▶ YOUR TASK:
What lines of the material below hold the string "decor"? Copy them out.

▶ TASK INPUTS:
== Segment start ==
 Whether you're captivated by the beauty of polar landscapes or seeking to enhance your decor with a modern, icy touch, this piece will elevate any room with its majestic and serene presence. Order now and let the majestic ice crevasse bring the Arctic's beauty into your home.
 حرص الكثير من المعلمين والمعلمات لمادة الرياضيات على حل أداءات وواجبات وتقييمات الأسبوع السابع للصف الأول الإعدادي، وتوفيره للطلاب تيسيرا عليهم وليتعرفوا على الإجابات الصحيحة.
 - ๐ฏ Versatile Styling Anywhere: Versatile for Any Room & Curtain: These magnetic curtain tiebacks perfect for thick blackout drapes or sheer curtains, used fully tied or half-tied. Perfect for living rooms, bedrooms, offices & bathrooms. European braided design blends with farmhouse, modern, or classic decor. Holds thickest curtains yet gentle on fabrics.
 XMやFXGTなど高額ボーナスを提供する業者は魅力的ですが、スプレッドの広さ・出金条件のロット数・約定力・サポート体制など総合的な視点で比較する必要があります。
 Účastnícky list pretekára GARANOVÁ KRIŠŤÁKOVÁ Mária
== Segment end ==
== Segment start ==
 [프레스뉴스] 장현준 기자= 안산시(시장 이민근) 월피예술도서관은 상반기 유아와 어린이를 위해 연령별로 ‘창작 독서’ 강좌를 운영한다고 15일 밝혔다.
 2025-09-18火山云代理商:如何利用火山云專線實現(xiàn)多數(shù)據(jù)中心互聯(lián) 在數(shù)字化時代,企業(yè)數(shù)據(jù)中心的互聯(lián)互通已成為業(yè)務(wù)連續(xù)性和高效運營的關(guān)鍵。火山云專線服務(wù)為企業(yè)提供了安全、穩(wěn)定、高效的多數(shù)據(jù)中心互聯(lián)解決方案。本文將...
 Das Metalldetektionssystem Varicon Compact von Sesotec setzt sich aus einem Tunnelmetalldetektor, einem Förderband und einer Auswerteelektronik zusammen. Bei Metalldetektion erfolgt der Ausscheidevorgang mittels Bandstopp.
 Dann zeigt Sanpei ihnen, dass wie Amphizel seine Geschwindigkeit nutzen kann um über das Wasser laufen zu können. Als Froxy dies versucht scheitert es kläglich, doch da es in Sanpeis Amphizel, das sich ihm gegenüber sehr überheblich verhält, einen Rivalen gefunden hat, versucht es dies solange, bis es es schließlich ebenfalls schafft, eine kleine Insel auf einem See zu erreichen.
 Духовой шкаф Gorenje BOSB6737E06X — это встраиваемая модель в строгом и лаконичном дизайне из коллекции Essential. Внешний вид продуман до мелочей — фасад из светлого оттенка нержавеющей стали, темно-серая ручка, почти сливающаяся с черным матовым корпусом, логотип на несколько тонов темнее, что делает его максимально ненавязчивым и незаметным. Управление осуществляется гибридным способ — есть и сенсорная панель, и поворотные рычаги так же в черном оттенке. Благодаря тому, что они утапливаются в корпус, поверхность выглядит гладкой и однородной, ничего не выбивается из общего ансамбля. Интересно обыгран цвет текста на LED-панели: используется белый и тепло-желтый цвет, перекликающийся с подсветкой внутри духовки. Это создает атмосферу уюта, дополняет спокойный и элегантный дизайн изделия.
== Segment end ==
== Segment start ==
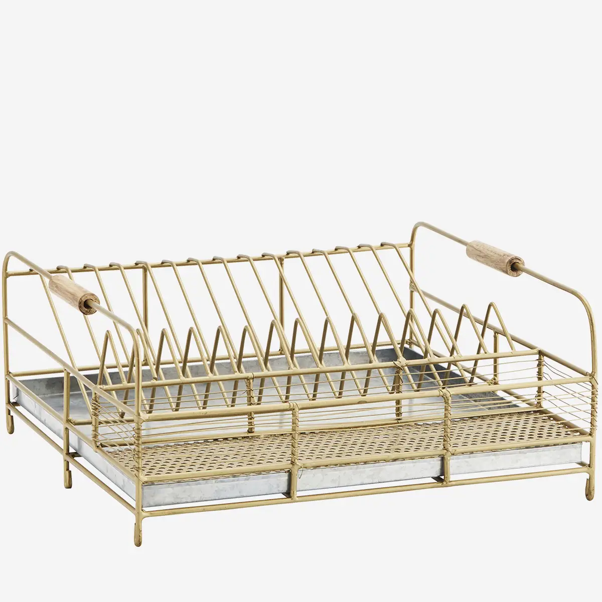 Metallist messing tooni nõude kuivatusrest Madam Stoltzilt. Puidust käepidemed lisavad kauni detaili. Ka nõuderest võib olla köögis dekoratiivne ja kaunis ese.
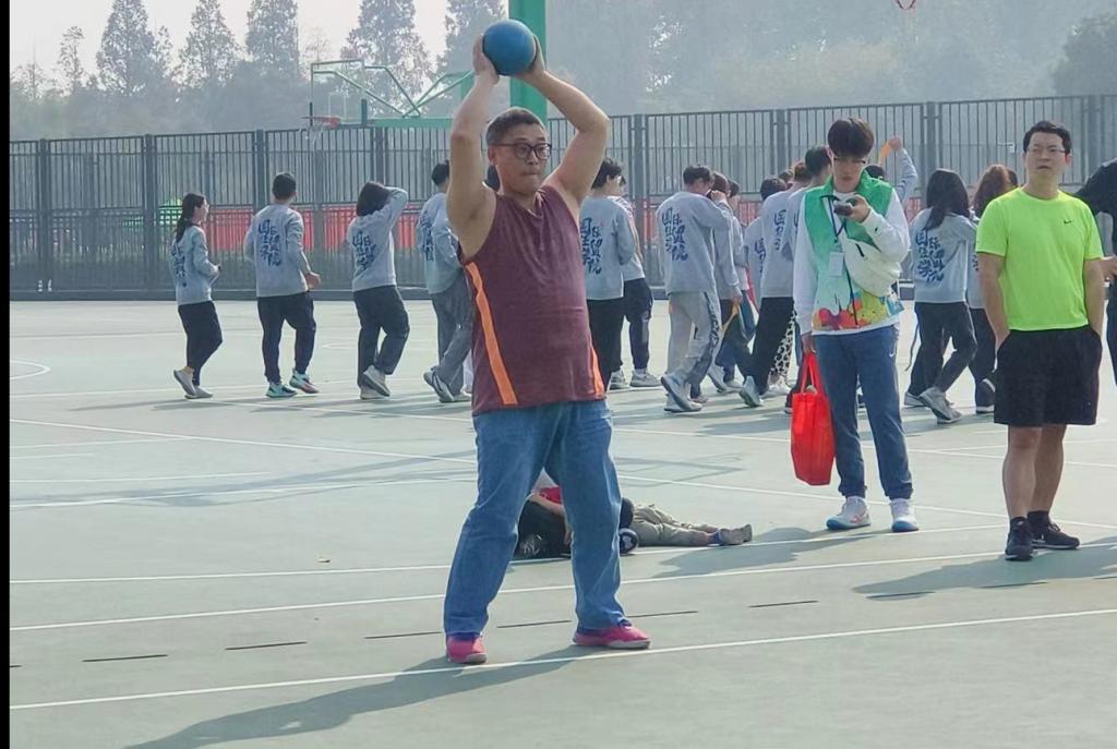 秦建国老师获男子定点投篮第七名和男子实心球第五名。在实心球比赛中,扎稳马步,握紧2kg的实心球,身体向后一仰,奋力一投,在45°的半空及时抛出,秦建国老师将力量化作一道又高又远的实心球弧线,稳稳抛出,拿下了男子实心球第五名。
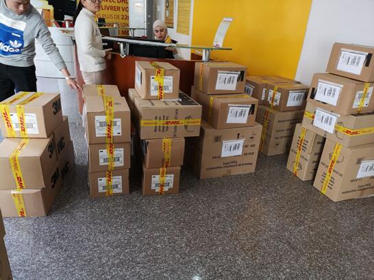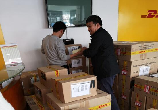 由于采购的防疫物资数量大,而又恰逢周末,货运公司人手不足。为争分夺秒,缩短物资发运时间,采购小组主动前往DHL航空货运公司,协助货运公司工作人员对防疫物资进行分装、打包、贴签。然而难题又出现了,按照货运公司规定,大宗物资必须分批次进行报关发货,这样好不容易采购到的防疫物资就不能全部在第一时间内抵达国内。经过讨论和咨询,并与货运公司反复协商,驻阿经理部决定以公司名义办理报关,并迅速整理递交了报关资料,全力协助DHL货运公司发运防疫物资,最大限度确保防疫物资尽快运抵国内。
== Segment end ==
▶ WRITTEN ANSWER:
 Whether you're captivated by the beauty of polar landscapes or seeking to enhance your decor with a modern, icy touch, this piece will elevate any room with its majestic and serene presence. Order now and let the majestic ice crevasse bring the Arctic's beauty into your home.
 - ๐ฏ Versatile Styling Anywhere: Versatile for Any Room & Curtain: These magnetic curtain tiebacks perfect for thick blackout drapes or sheer curtains, used fully tied or half-tied. Perfect for living rooms, bedrooms, offices & bathrooms. European braided design blends with farmhouse, modern, or classic decor. Holds thickest curtains yet gentle on fabrics.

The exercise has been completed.